満州事変における軍犬武勇伝と軍部の軍犬整備豫算が通過(第64議会にて)した報道のせいで、日本にシェパードブームが到来したのが昭和8年のこと。

日本シェパード倶楽部(NSC)の犬籍簿を狙った陸軍が帝國軍用犬協會を発足させ、遂にはNSCを強制合併してしまった年でもあります。

ブームと混乱に便乗した悪徳畜犬商たちは、シェパード界に狙いを定めました。

 

 

最近二通の書面を受取つた。欺かれたるもの、乃至欺かれんとする危惧の情を、最も深刻に表現して居る。

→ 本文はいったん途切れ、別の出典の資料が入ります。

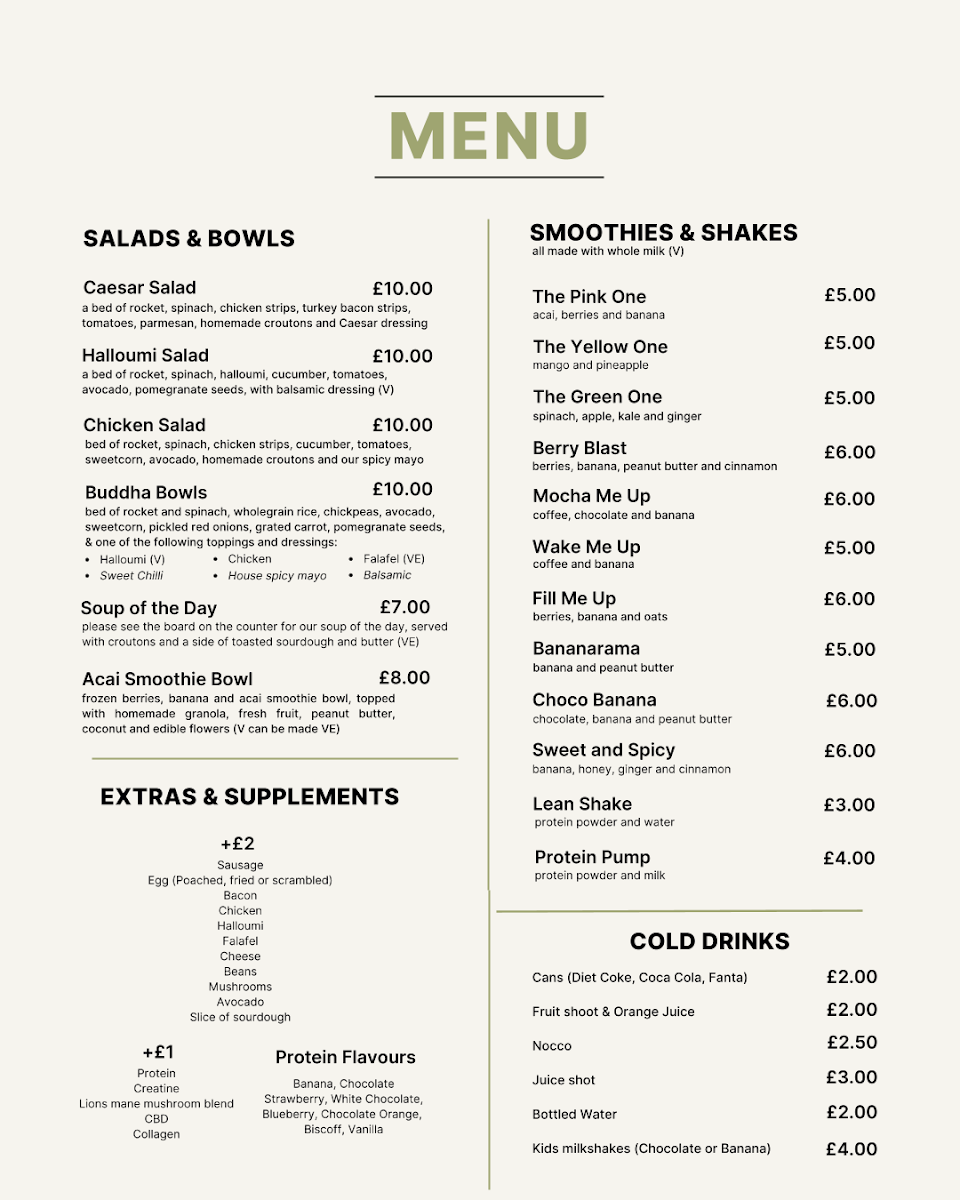 - Smoothies: Revitalize your day with expertly crafted smoothies like the Berry Blast or protein-rich Lean Shake, each at £5.00.

畜犬商は其素質を向上しつゝある。併し右の書類によるときは、尚依然として不良なる畜犬商の存在する事を断ぜねばならぬ。多數の畜犬商の中であるから、必ずしも間違ひの發生がないとは言へぬ。

併し相應に舊舗であり、又世の中からは信用あるが如く見られ、自分自身も亦立派なる畜犬商の如く誇称宣傳して居るものとして、尚且つ甚しい不愉快なる話題をドツグ・マンに呈する事一再ならずわれらが之を聴くは、誠に遺憾に堪えないのである。

 

手紙の一ツ

 

「私は當市にその日暮しをして居ります名もなき商人です。クラブ會報も實際ほしいのです。

けれども私共の家庭の経済が許しません。で、私の弟が東京で奉公して居りますから、その弟が古い會報を集めて送つてくれます。それを讀んで一心にシエパードを研究して居ります。

實は一年半前に一頭犬を買ひました。實際思ひ出してもくやし涙が出ます。

おきゝ下さい。

犬を買ふのはお國のためであると、私は食べるものも食べず、着るものも着ず、倹約に倹約をして血の出るような金を一百二十五圓五十銭をためました。それは一年半がかりでした。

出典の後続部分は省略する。